● **Required action**:
The lines below, from the one holding "Französische Retro-Kurzstiefel Damen" through the one holding "Konuşmaların ardından mehter", are to be restated word for word, with all images left out.

● **Records shown**:
---
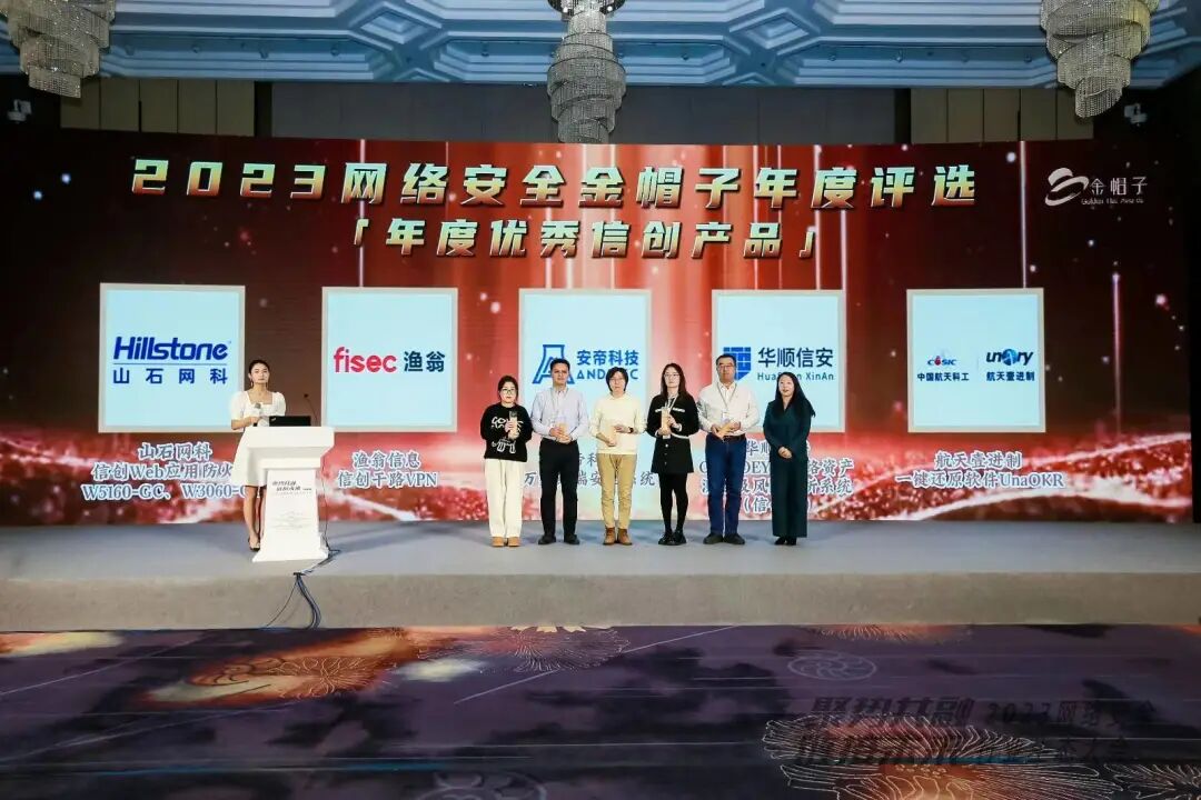荣获年度优秀信创产品的企业是:山石网科 信创Web应用防火墙 W5160-GC、W3060-GC、渔翁信息 信创干路VPN、安帝科技 万象终端安全系统、华顺信安 CIC-FOEYE-网络资产测绘及风险分析系统(信创版)、航天壹进制 一键还原软件UnaOKR。
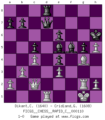 Last move : 1-0 2013 May 5 21:50:54 [Event "FICGS__CHESS__RAPID_C__000110"] [Site "FICGS"] [Date "2013.02.21"] [Round "1"] [White "Dikant,Christophe"] [Black "Cridland,Graham"] [Result "1-0"] [WhiteElo "1640"] [BlackElo "1608"] 1.d4 Nf6 2.Nf3 g6 3.e3 Bg7 4.Be2 O-O 5.b3 c5 6.Bb2 Ne4 7.O-O Nc6 8.c3 d5 9.Nbd2 Bf5 10.Nxe4 dxe4 11.Ne1 Qc7 12.Qc2 h5 13.d5 Ne5 14.c4 Rad8 15.Rd1 Bf6 16.Bxe5 Bxe5 17.g3 h4 18.Ng2 hxg3 19.fxg3 Kg7 20.Nf4 Rh8 21.Rd2 Rh7 22.Bd1 Rdh8 23.g4 g5 24.Nh5+ Rxh5 25.gxh5 Qd7 26.Rdf2 e6 27.dxe6 fxe6 28.Rg2 Kh6 29.Bg4 Rd8 30.Rd1 1-0 King's Indian : East Indian defense Kingside Castling by player Black (move 4) Kingside Castling by player White (move 7) Player White won this chess game. Follow this game move after move (download)The boy (then a 12 year old boy named Anatoly Karpov) doesn't have a clue about Chess, and there's no future at all for him in this profession. (Mikhail Botvinnik) Ihnen, Herr Lasker, habe ich nur drei Worte zu sagen: Schach und matt. (Siegbert Tarrasch) El Ajedrez es un regaderazo frío para la mente. (Sir John Simon) Même un GMI sait rarement calculer sur plus de cinq coups une attaque à sacrifices. (Rudolf Spielmann) A good book on your shelf is a friend that turns its back on you and remains a friend. (Author unknown)
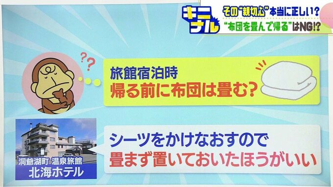 洞爺湖町の温泉旅館「北海ホテル」によりますと、「畳まずに置いておいた方がよい。一度すべての布団をよけて、きれいにしてシーツをかけなおすので、ぐちゃぐちゃでもいいからそのままの方が楽」ということでした。
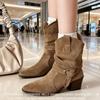 Französische Retro-Kurzstiefel Damen Frühling und Herbst neue Western-Cowboystiefel Damen dicker Absatz spitz mittelhoher Schaft Stiefel zum Stapeln Kurzstiefel
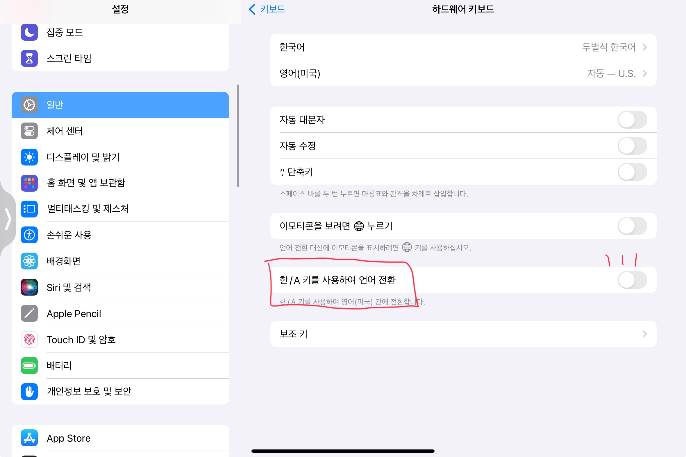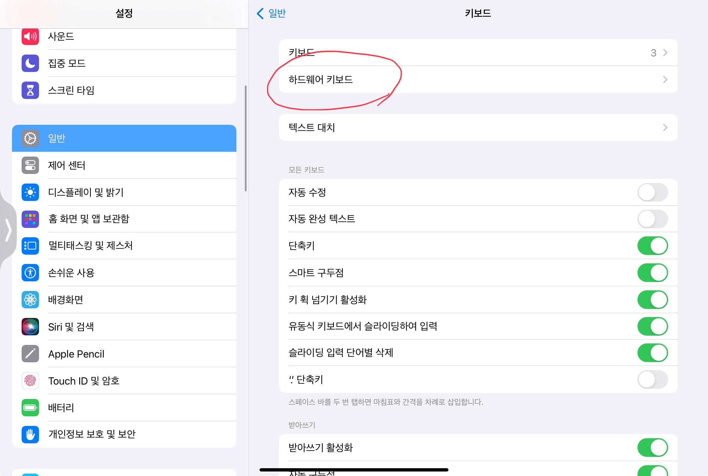 맥북과 아이패드를 연결하셨다면 키보드에 '하드웨어 키보드'가 활성화 되어 있습니다.
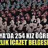 Konuşmaların ardından mehter takımının çaldığı marşlar eşliğinde salona inen 254 kız öğrenci, hafızlık icazet belgelerini aldı.
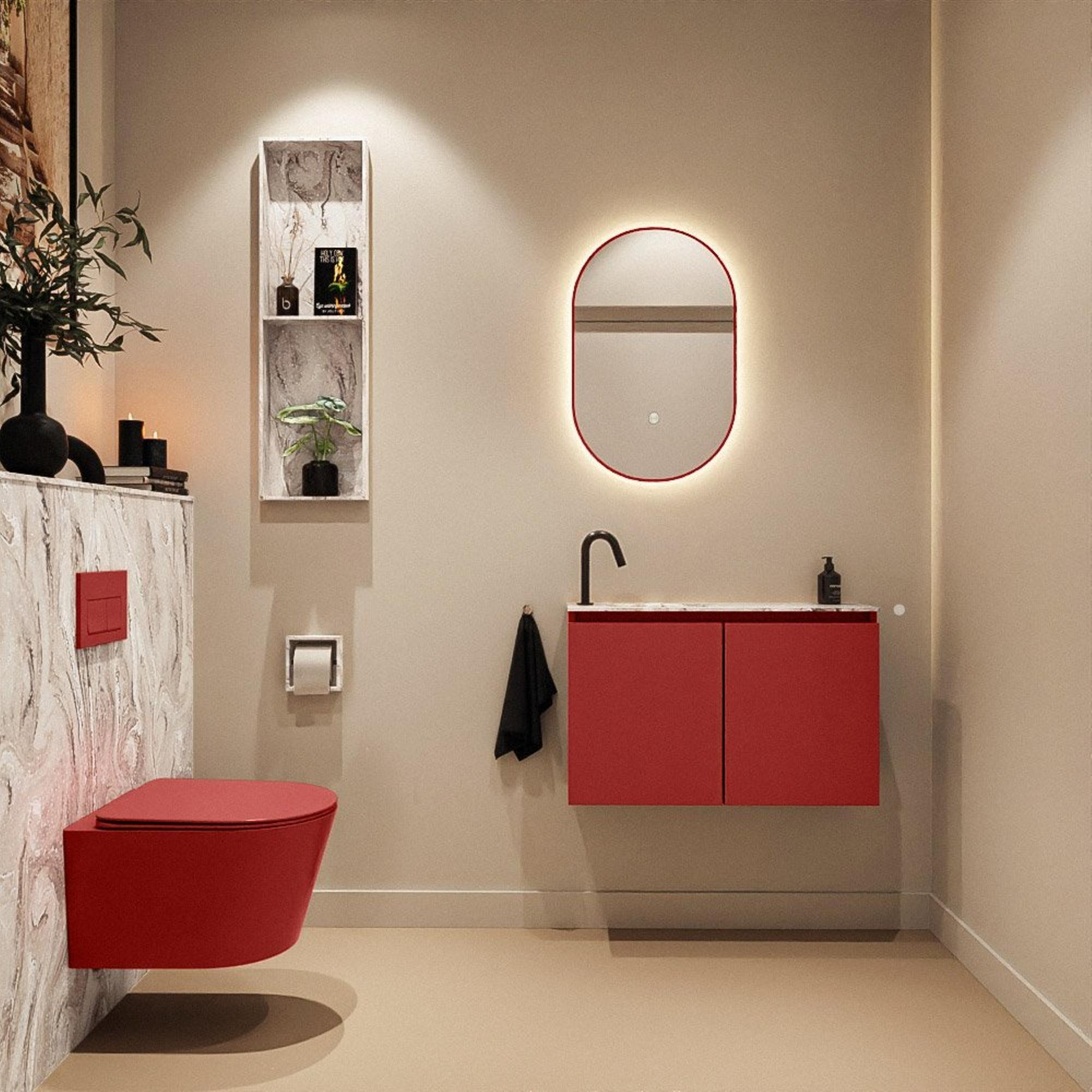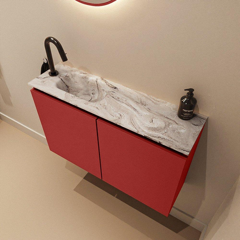 MONDIAZ TURE-DLUX 80cm toiletmeubel Fire. EDEN wastafel Glace positie links. Met 1 kraangat.
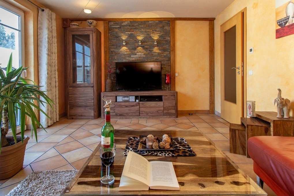 Die exklusiv ausgestattete Wohnung mediterran (86 qm) liegt im ersten Stock. Einrichtung und warme Farben sind harmonisch aufeinander abgestimmt. Abgerundet durch passende Dekoration entsteht hier ein mediterranes Flair.
---
● **Task solution**:
 Französische Retro-Kurzstiefel Damen Frühling und Herbst neue Western-Cowboystiefel Damen dicker Absatz spitz mittelhoher Schaft Stiefel zum Stapeln Kurzstiefel
 맥북과 아이패드를 연결하셨다면 키보드에 '하드웨어 키보드'가 활성화 되어 있습니다.
 Konuşmaların ardından mehter takımının çaldığı marşlar eşliğinde salona inen 254 kız öğrenci, hafızlık icazet belgelerini aldı.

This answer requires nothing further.